Эта последняя декларация Ван Зандта понравилась доктору, и он стал прислушиваться к своему собеседнику с видимым интересом.

— И совсем бы пропал он от отчаянной своей трезвенности, если бы только полковник Картер его не спас, — продолжал свою речь Ван Зандт. — Полковник явился, когда он совсем погибал.

— Погибал? — вскричал Равенел. — Вы хотите сказать, что он тяжко болел?

— Вот именно. Тяжко болел. Совсем погибал, сэр. Ползучая желчно-тифозная лихорадка. И представьте, не хочет принять ни полкапли виски. Принципиально не хочет. Тут полковник ему говорит: «Выпить надо, трам-тарарам!! Надо пить и носить шерстяное белье». А капитан отвечает: «Если сам я буду под мухой, что скажу я своим солдатикам, трам-тарарам?» Это, конечно, не точные были слова его, сэр. Грешен, люблю приукрасить. Это вроде как ломтик лимона в пунше. Полагаю, и вы так считаете, сэр. Так на чем же я кончил? «Как мне взыскивать со своих людей, — говорит капитан, — если сам я буду повинен в том же грехе?» — «А это не их ума дело, повинны вы или нет, — отвечает полковник. — Если солдат ваш напьется и нарушит свой воинский долг, вы с него взыщете. А нарушите службу вы, я с вас взыщу. И солдаты тут вообще ни при чем; рассуждаете не по уставу», — вот что сказал капитану полковник Картер. Это вам офицер, джентльмен и философ, и все в одной оболочке. Старый добрый коньяк и шерстяное белье — вот что спасло капитана, шерстяное белье и старый добрый коньяк из погребов Суле. А то ведь совсем умирал от ночной испарины, сэр. Преопаснейший климат в Луизиане. Вы, наверно, об этом наслышаны. Кстати, кажется, речь у нас шла о полковнике Картере. Вот кто, скажу вам, умеет срывать цветы жизни. У полковника лучший и хлебосольнейший дом во всем городе. И прелестнейшая французская маленькая… козетка.

Ван Зандт нацелился было совсем на другое слово, но вовремя спохватился и вставил свою «козетку». По искрам в глазах Ван Зандта было заметно, что он чрезвычайно доволен проявленной им находчивостью. Подумав, он вознамерился развить свой успех.

— Если бы мне сказали: «Ван Зандт, выбирай», — я предпочел бы, скажу вам, козетку полковника, скорей чем его погоны. Французская маленькая козетка — чего еще надо холостяку? Вы человек светский, и меня понимаете, сэр.

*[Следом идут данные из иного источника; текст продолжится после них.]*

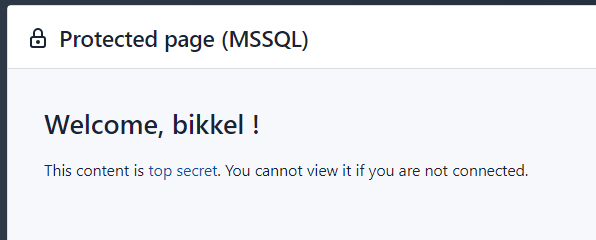 User authentication demoThis example demonstrates how to handle user authentication with SQLpage. MSSQL versionIt is based on the original PostgreSQL database example, but now modified to be used with MSSQL. All the user and password management is done in SQLPage, Take note that the database is a little bit different: This demonstrates how to implement:

Так он болтал и болтал, попивая мадеру. Страсть его к болтовне, как и жажда, были неутолимы; и доктору очень хотелось сказать ему: «Сударь, за вами явился ваш гусь!» Когда пришел Колберн, Ван Зандт попытался представить ему Равенела, хотя было ясно, что хозяин и гость отлично знакомы. Капитан был немного смущен; особняк мог родить у доктора сомнения в его спартанстве; к тому же ему показалось, что Равенел глядит на него испытующим взором. Когда же Колберн перевел глаза на Ван Зандта, во взгляде его, по-прежнему мягком, сверкнула вдруг искра, мгновенно приведшая в чувство кутилу. Вскочив и откозыряв, он тут же покинул комнату, пробормотав, что пора позаботиться об обеде. Доктор не без интереса отметил эту новую для него властность в манере новобостонца.

— А где же мисс Равенел? — таков был, конечно, один из первых вопросов.

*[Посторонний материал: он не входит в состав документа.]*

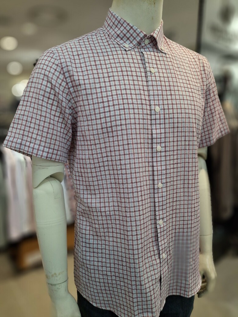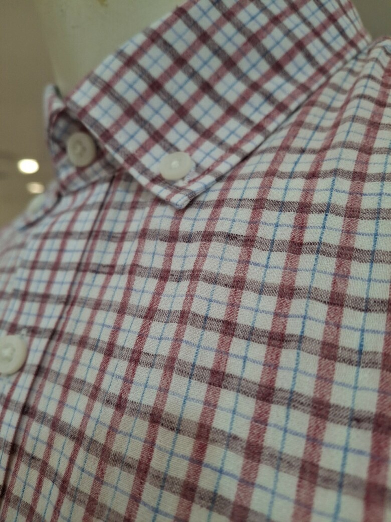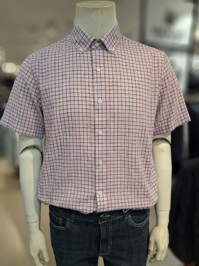 면과 마 혼방 씨어써커느낌의 시원하고 화사한 체크패턴 남방

— Здесь, со мной, — был ответ.

— Неужели? Возможно ли? — Сердце сильно забилось в груди.

— Ну, конечно. Она ни за что не осталась бы в Новом Бостоне, когда появилась возможность вернуться в Луизиану. Она ведь все та же мятежница.

Капитан засмеялся чуть-чуть принужденно; впрочем, при всем своем патриотизме, он не имел ни малейшей охоты сердиться на мисс Равенел. Бывает такая степень влюбленности, когда всякая странность любимого существа, пусть даже предосудительная, служит только к его украшению. Тот, кто истинно любит кошек, восхищается их коварством. Мать, у которой ребенок — калека, готова помочь всем хромающим детям на свете; она изливает на них любовь к своему дитяти.

— К тому же мне не с кем было оставить ее в Новом Бостоне, — продолжал доктор.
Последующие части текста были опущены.